6.21.2006

waiting expectantly for great things

God is crazily insanely good...
today has been amazing... I could not go to bed tonight without telling someone how great God is.
Today/tonight I had coffee with an old friend from high school. She was in town for the week and we wanted to have some 'face time'. Anyways we were catching up and i had not talked with another friend of ours in while. Anyways long story short, this friend had recently broken up with her long term boyfriend. I was surprised and got G's number from michelle and called her on my way home. Something i should tell y'all about my high school friends is that when we were seniors in high school only two of us were Christians. One by one God has been saving person after person until the non-christians are in the minority. Anyways this G grew up going to christian schools, her sister was a christian and her parents are buddist.

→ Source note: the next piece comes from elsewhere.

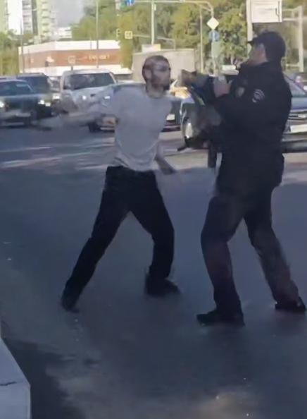 Один из полицейских получил легкое ранение в руку, пытаясь блокировать удар. Второй достал табельное оружие, но не стал стрелять — вокруг было слишком много людей, и выстрел мог привести к жертвам. Вместо этого стражи порядка попытались окружить нападавшего, чтобы обезвредить его без применения силы. Но мужчина не собирался сдаваться: он продолжал размахивать ножом, оттесняя полицейских к обочине.

ok back to the story. So i call G and we talk for a while. And she catches me up on life and tells me about her break up. And then the next words out of her mouth caught me off guard. "the outcome of this is that I have been going to church and been reading these books that have caught my attention. At first i started going because of the music but now i listen just so that i can hear the sermons." what?!?!?! "the only way i could get through the day is to keep praying and praying." So we talked a little more about life and she gave this awesome analogy about her relationship that i think applies to so many other things. "You know i fly economy all the time and one day i decided that i was going to use my points to upgrade to business class. I am fine with economy class, there is enough room etc. Well I upgraded it on my flight back from England and when the flight was over i did not realize that 7 hour had passed. I never realized how great Business class was. I think that is how it was in my relationship. We were happy and ok I never realized that there was more. I never knew of business class because it was so far outside my understanding. It was more than i could imagine. The couples that are so happy so are business class. The couple that fall in love each day, i could imagine that now..." there was more she said to that analogy... but the thought that was running through my head was that maybe God getting your attention was Him placing you in business class. But i did not say that. Well it was time for me to go but i had to say something to her. i had to say that maybe this was God's way of grabbing, getting her. "maybe the reason why God had this happen was so that you could come to him." "you know 90% of my friends are christians... and if this is what He choose to make me curious to get my attention then it was worth it." we ended our conversation there.
Do you understand how huge this is? Maybe not. You see this friend was convinced that she was going to heaven because she was good. she had no need for God. But now she has a need... in all the years we have known her we could not make her see her need. It took God allowing her to fall in love, have her heart broken... and who does she turn to and who gives her comfort, but Him. And she acknowledges that fact. She needs him now. Being good is no longer enough. It took heart break to bring her to God.
You know it is so easy to give up or forget friends you have... long term friends are sometimes the hardest to reach mainly because it is so easy to not talk about Christ with them. God is changing and has changed the atmosphere of our group. people are open to spiritual talk... this is not the way i imagined my evening would end... this is not how imagined that G would start to move towards God. In fact i think i had given up on that. i know i had given up. But God had not... G and i are going to keep on talking. She sounded so sad over the phone, but sad and strong. She also sounded hopeful and moving forward. I can not wait to see what God will do with my old friend.
anyways i had to share
so excited... i am the type of excited that makes you cry. why is God so insanely crazy good like that. when we give up He does not. He had a plan for her this whole time. He had His timing this whole time. I remember being struck with God's timing a little while ago. I was reading in Galatians about Paul's conversation. And it struck me that when God was well pleased to reveal Him self to Paul He did (gal 1:15)... We wanted God to reveal himself to G in high school. Man we scammed and planned... instead he brought other people first, steph, jason, rashanda, katrina, jessica... and now he is bring G. So crazy. Don't give up, don't give up. God can save the people you had given up on. He really can do it.